WHAT YOU WILL DO: The answer should be a faithful retyping of the records that follow, pictures excluded.

####

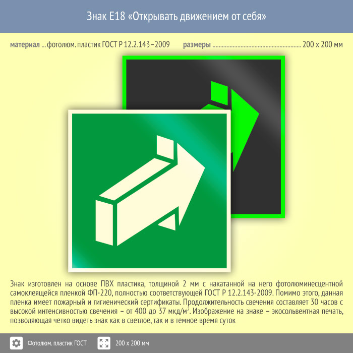 Знак E18 «Открывать движением от себя» (фотолюминесцентный пластик ГОСТ 34428-2018, 200х200 мм) в Химках купить
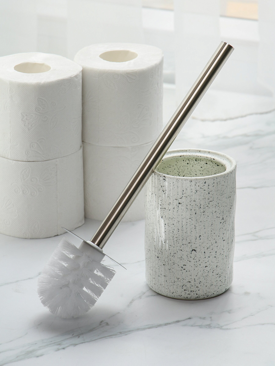 Как использовать напольный ерш? Просто разместите его рядом с унитазом — благодаря устойчивой форме он не скользит по плитке, а плотная щетина обеспечивает эффективную очистку без риска царапин. Подходит ли такой ерш для подарка? Да, благодаря стильному дизайну и универсальному цвету, этот аксессуар станет практичным и уместным презентом для новоселья или обустройства загородного дома. В отличие от моделей из пластика или металла, керамика не впитывает запахи и проста в уходе — достаточно промывать теплой водой.
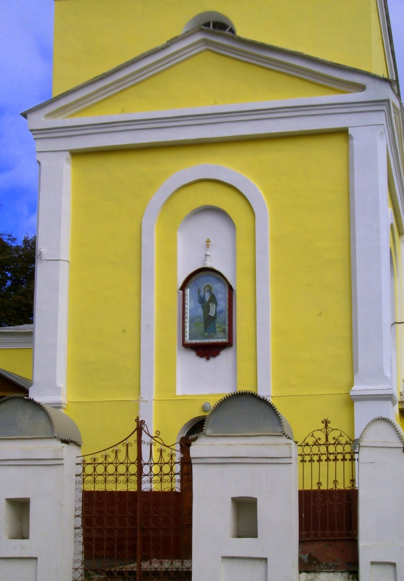 Основной объём здания окрашен в тёплый жёлтый цвет, который символизирует свет веры и благодати. Архитектурную выразительность фасаду придают белоснежные элементы: строгие пилястры, профилированные карнизы и изящное обрамление центральной арочной ниши. Такое цветовое решение создаёт ощущение торжественности и величия.
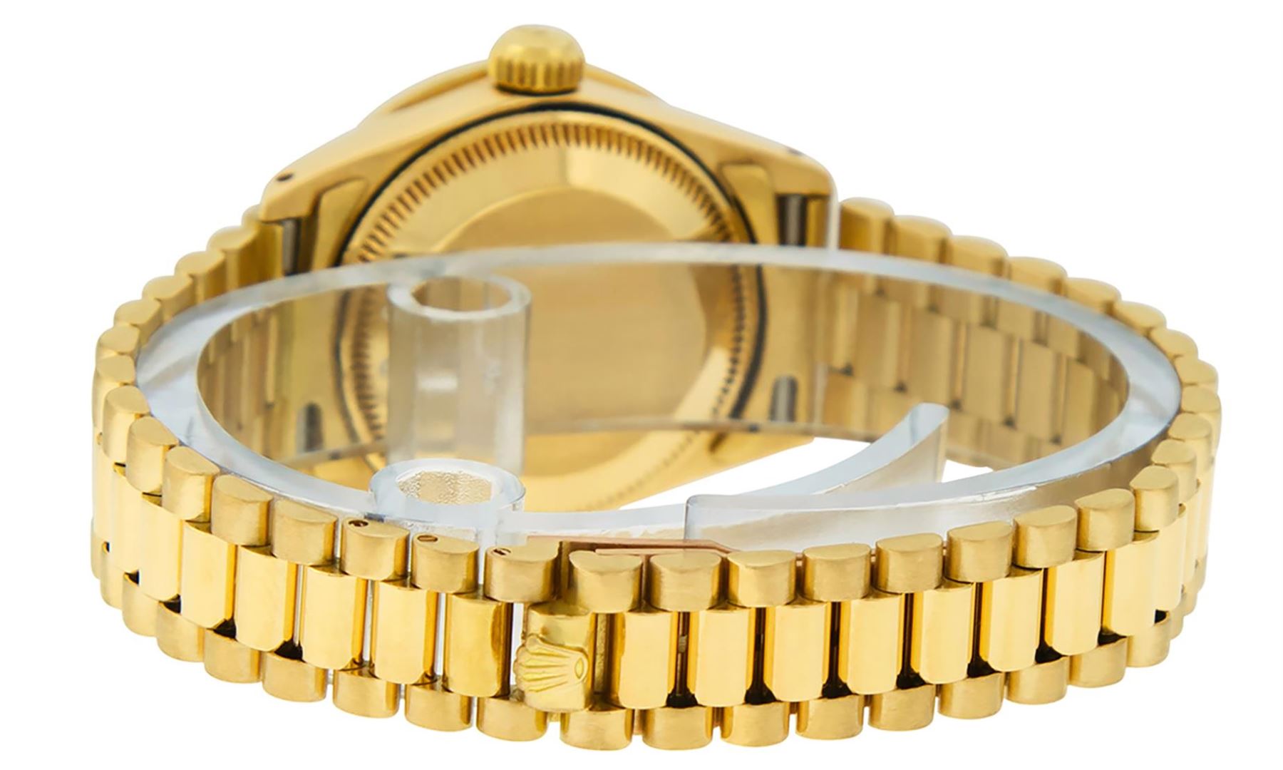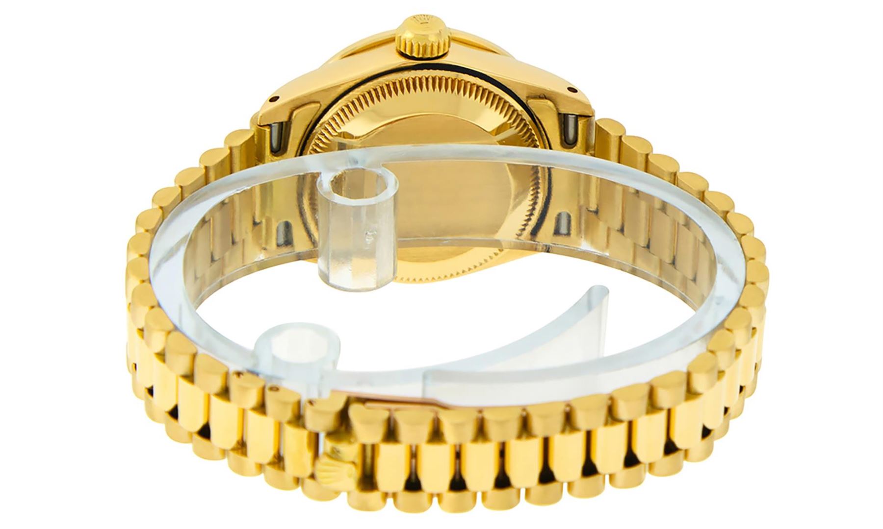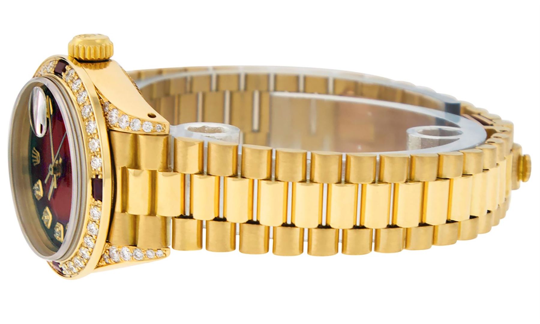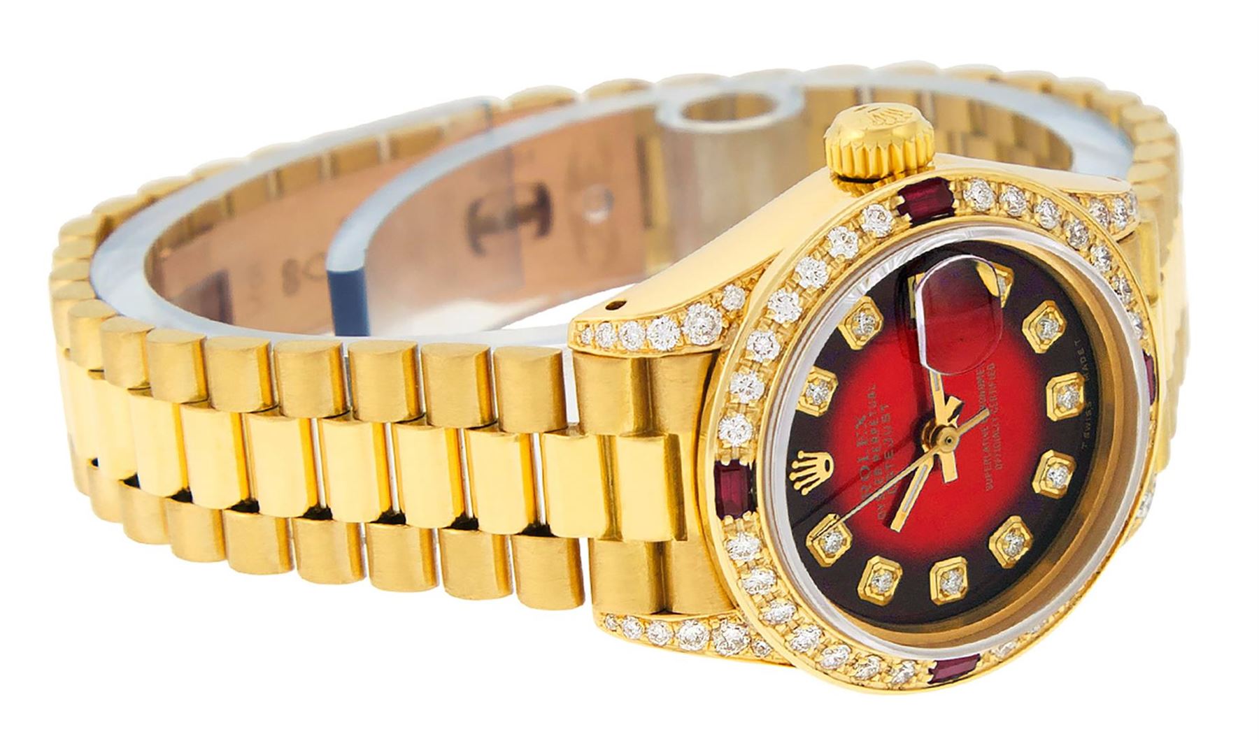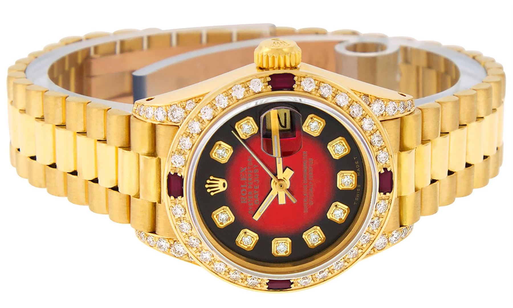 One Ladies Pre Owned Rolex President Polished, Serviced & Electronically Tested, Yellow Gold Case With Custom Diamond Lugs: 26mm G to H In Color, SI1, Yellow Gold Crown, Custom Diamond Lugs: 24 Diamonds On Lugs. Custom Bezel: New 18K Yellow Gold Ruby Beadset Diamond Bezel, Diamond + Gem Count: 36 Diamonds + 4 Rubies, Custom Crystal: New Sapphire With Date Window. Custom Hands: New Luminescent Hands. Rolex Movement: Automatic Winding Movement. Custom Dial: Refinished To Red Vignette With Custom Added Diamond Hour Markers, Stone Count: 10 Diamonds On Dial. Clarity: SI-VS. Date Window: 3 O'Clock Position, Model: Datejust, Condition: G-6 Extra Fine. Rolex Bracelet: 18K Yellow Gold President Band, Bright & Satin Polish. 6.0 Inch Length, Standard President Clasp (Hidden Clasp), With Rolex Logo. This Watch Has Been Serviced Time Tested And Is In Excellent Condition It Is Free Of All Scratches And Dents.
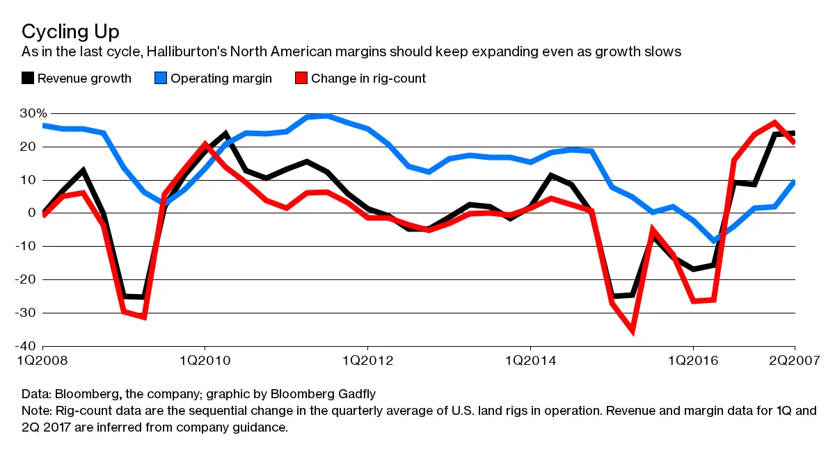 即使北美的收入增长随着钻机数量的减少而放缓,哈里伯顿的利润率仍应保持上升,部分原因是它 已经承担了将人员和设备重新投入工作的许多痛苦:
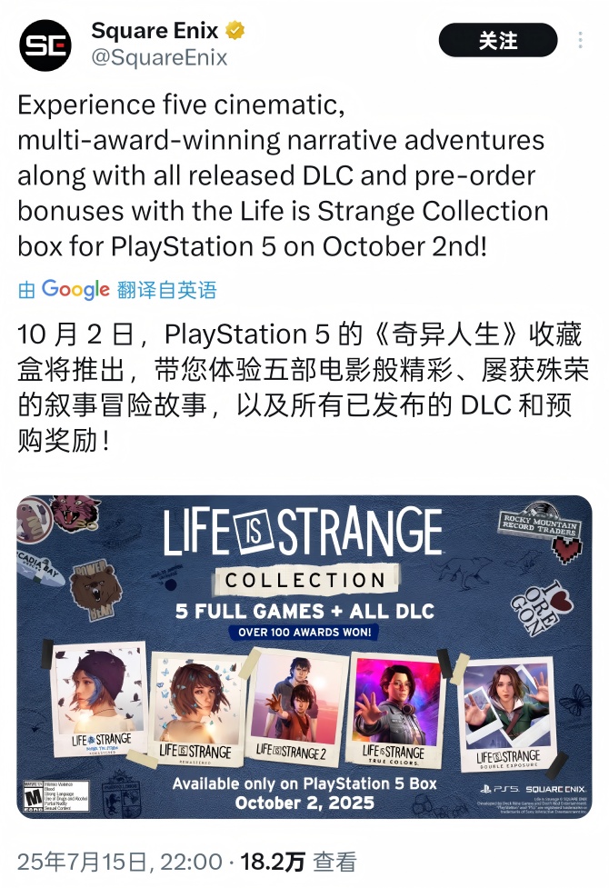 近日,Square Enix官方宣布称PlayStation的《奇异人生》收藏盒即将推出,全系列合集登录PS5。
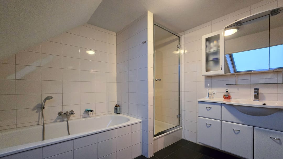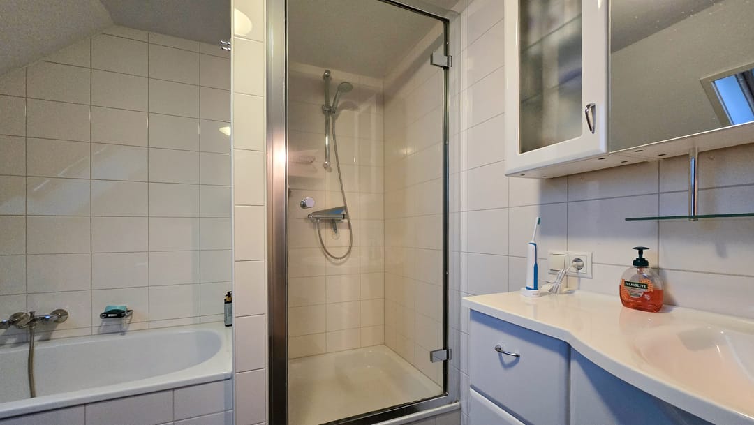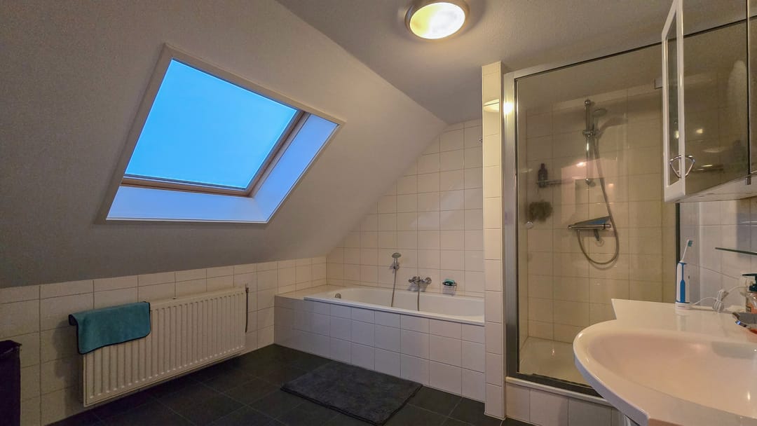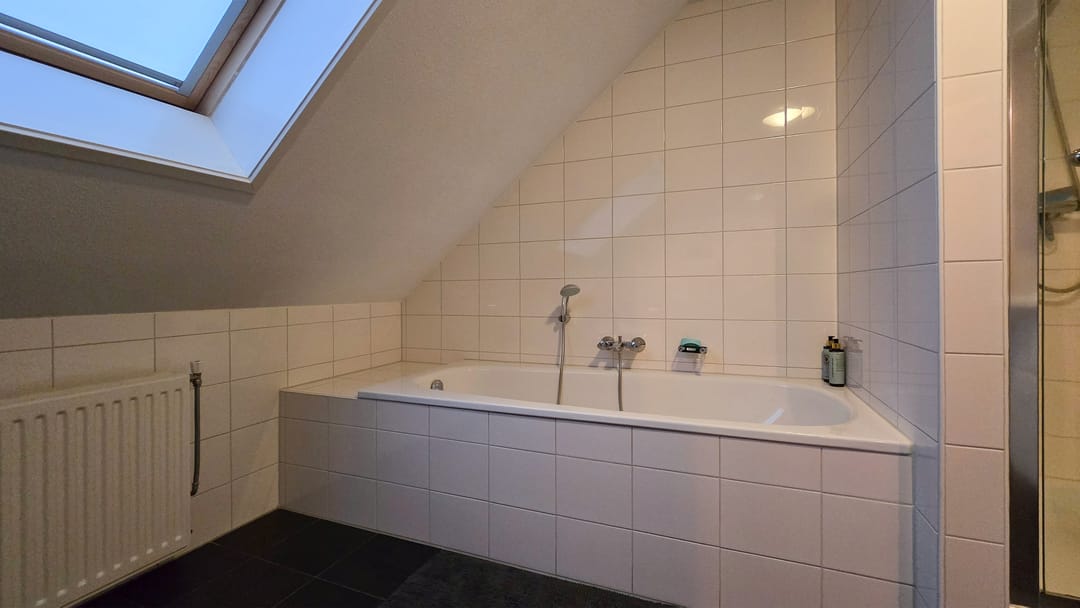 Vanuit de overloop is er toegang tot 3 slaapkamers, badkamer en vlizotrap naar bergzolder op de derde verdieping. De badkamer is geheel betegeld en voorzien van een ligbad, douchecabine, toilet, vaste wastafel.

####

RESULT OF THIS EXERCISE:
 Знак E18 «Открывать движением от себя» (фотолюминесцентный пластик ГОСТ 34428-2018, 200х200 мм) в Химках купить
 Как использовать напольный ерш? Просто разместите его рядом с унитазом — благодаря устойчивой форме он не скользит по плитке, а плотная щетина обеспечивает эффективную очистку без риска царапин. Подходит ли такой ерш для подарка? Да, благодаря стильному дизайну и универсальному цвету, этот аксессуар станет практичным и уместным презентом для новоселья или обустройства загородного дома. В отличие от моделей из пластика или металла, керамика не впитывает запахи и проста в уходе — достаточно промывать теплой водой.
 Основной объём здания окрашен в тёплый жёлтый цвет, который символизирует свет веры и благодати. Архитектурную выразительность фасаду придают белоснежные элементы: строгие пилястры, профилированные карнизы и изящное обрамление центральной арочной ниши. Такое цветовое решение создаёт ощущение торжественности и величия.
 One Ladies Pre Owned Rolex President Polished, Serviced & Electronically Tested, Yellow Gold Case With Custom Diamond Lugs: 26mm G to H In Color, SI1, Yellow Gold Crown, Custom Diamond Lugs: 24 Diamonds On Lugs. Custom Bezel: New 18K Yellow Gold Ruby Beadset Diamond Bezel, Diamond + Gem Count: 36 Diamonds + 4 Rubies, Custom Crystal: New Sapphire With Date Window. Custom Hands: New Luminescent Hands. Rolex Movement: Automatic Winding Movement. Custom Dial: Refinished To Red Vignette With Custom Added Diamond Hour Markers, Stone Count: 10 Diamonds On Dial. Clarity: SI-VS. Date Window: 3 O'Clock Position, Model: Datejust, Condition: G-6 Extra Fine. Rolex Bracelet: 18K Yellow Gold President Band, Bright & Satin Polish. 6.0 Inch Length, Standard President Clasp (Hidden Clasp), With Rolex Logo. This Watch Has Been Serviced Time Tested And Is In Excellent Condition It Is Free Of All Scratches And Dents.
 即使北美的收入增长随着钻机数量的减少而放缓,哈里伯顿的利润率仍应保持上升,部分原因是它 已经承担了将人员和设备重新投入工作的许多痛苦:
 近日,Square Enix官方宣布称PlayStation的《奇异人生》收藏盒即将推出,全系列合集登录PS5。
 Vanuit de overloop is er toegang tot 3 slaapkamers, badkamer en vlizotrap naar bergzolder op de derde verdieping. De badkamer is geheel betegeld en voorzien van een ligbad, douchecabine, toilet, vaste wastafel.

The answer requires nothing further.